▶ _TASK ITEM_
Only the stretch below from the line holding "Lote contendo três" through the line holding "Another remarkable feature" should be restated, word for word and with both ends included; pictures stay out.

▶ _DATASET_
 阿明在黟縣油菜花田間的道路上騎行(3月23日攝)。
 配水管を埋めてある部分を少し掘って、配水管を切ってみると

---

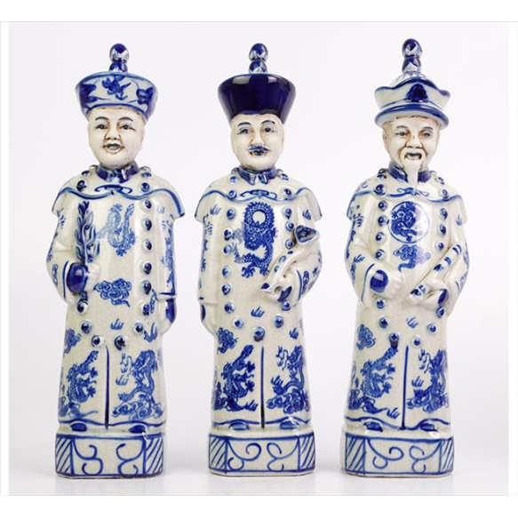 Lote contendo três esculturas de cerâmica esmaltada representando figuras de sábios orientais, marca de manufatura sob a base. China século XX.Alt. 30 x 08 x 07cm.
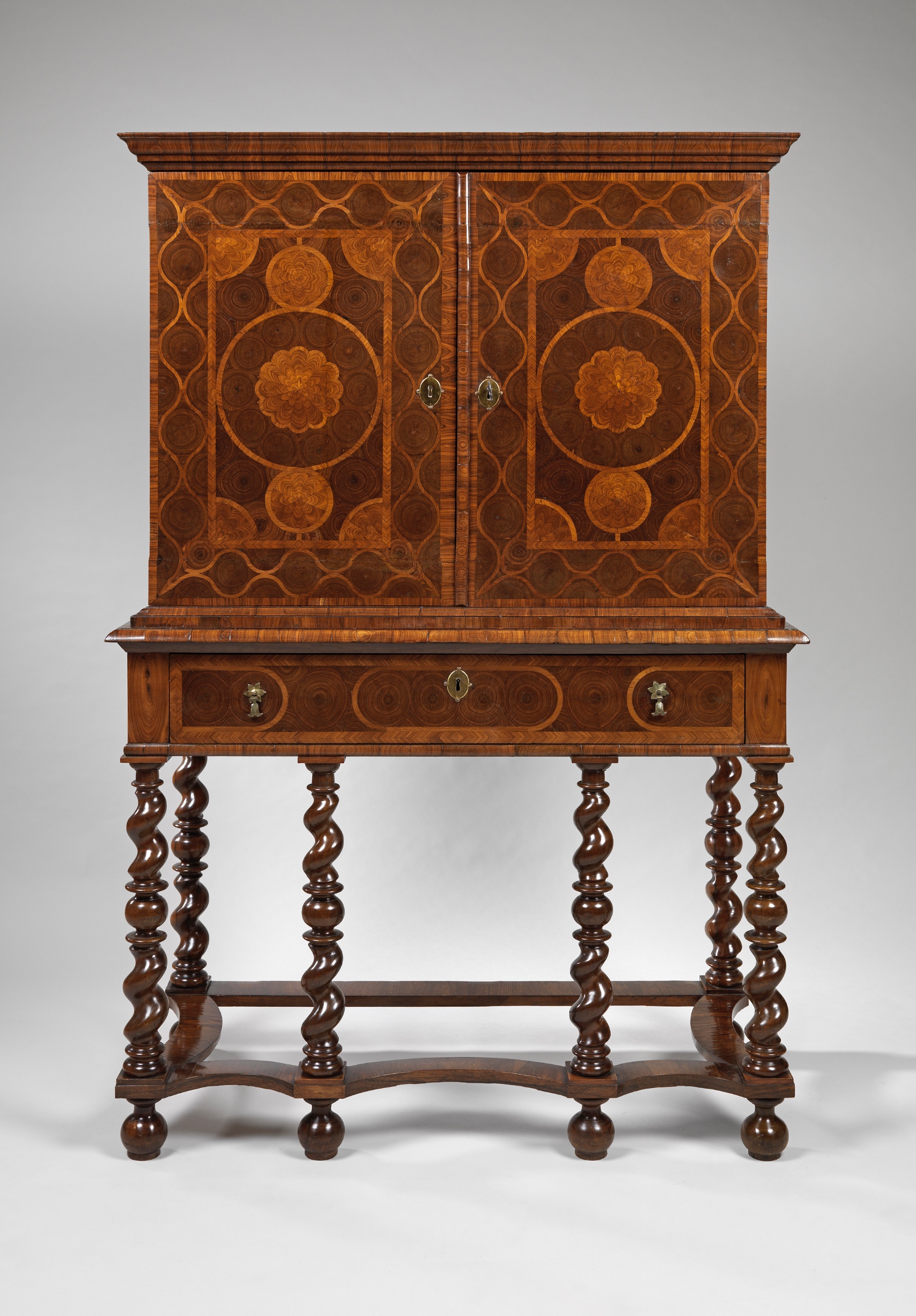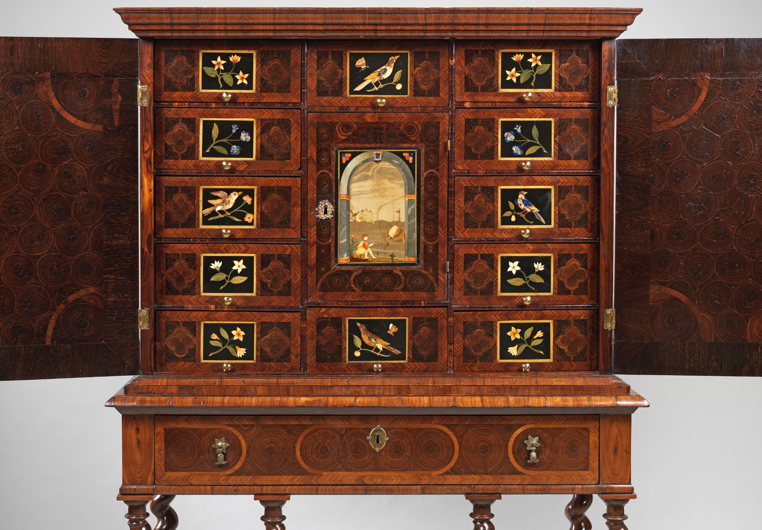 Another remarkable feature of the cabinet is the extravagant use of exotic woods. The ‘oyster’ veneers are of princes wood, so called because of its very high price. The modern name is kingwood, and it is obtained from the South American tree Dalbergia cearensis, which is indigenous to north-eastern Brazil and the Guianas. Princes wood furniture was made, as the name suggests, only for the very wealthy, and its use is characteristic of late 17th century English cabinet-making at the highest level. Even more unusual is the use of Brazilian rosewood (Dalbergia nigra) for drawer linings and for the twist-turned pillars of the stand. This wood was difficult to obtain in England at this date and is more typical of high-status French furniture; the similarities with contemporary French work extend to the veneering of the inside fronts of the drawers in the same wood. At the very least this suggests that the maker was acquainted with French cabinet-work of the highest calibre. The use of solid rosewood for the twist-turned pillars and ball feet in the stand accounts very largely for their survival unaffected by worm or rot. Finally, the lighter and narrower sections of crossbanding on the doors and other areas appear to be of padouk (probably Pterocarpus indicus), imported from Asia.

▶ _REPLY_
 Lote contendo três esculturas de cerâmica esmaltada representando figuras de sábios orientais, marca de manufatura sob a base. China século XX.Alt. 30 x 08 x 07cm.
 Another remarkable feature of the cabinet is the extravagant use of exotic woods. The ‘oyster’ veneers are of princes wood, so called because of its very high price. The modern name is kingwood, and it is obtained from the South American tree Dalbergia cearensis, which is indigenous to north-eastern Brazil and the Guianas. Princes wood furniture was made, as the name suggests, only for the very wealthy, and its use is characteristic of late 17th century English cabinet-making at the highest level. Even more unusual is the use of Brazilian rosewood (Dalbergia nigra) for drawer linings and for the twist-turned pillars of the stand. This wood was difficult to obtain in England at this date and is more typical of high-status French furniture; the similarities with contemporary French work extend to the veneering of the inside fronts of the drawers in the same wood. At the very least this suggests that the maker was acquainted with French cabinet-work of the highest calibre. The use of solid rosewood for the twist-turned pillars and ball feet in the stand accounts very largely for their survival unaffected by worm or rot. Finally, the lighter and narrower sections of crossbanding on the doors and other areas appear to be of padouk (probably Pterocarpus indicus), imported from Asia.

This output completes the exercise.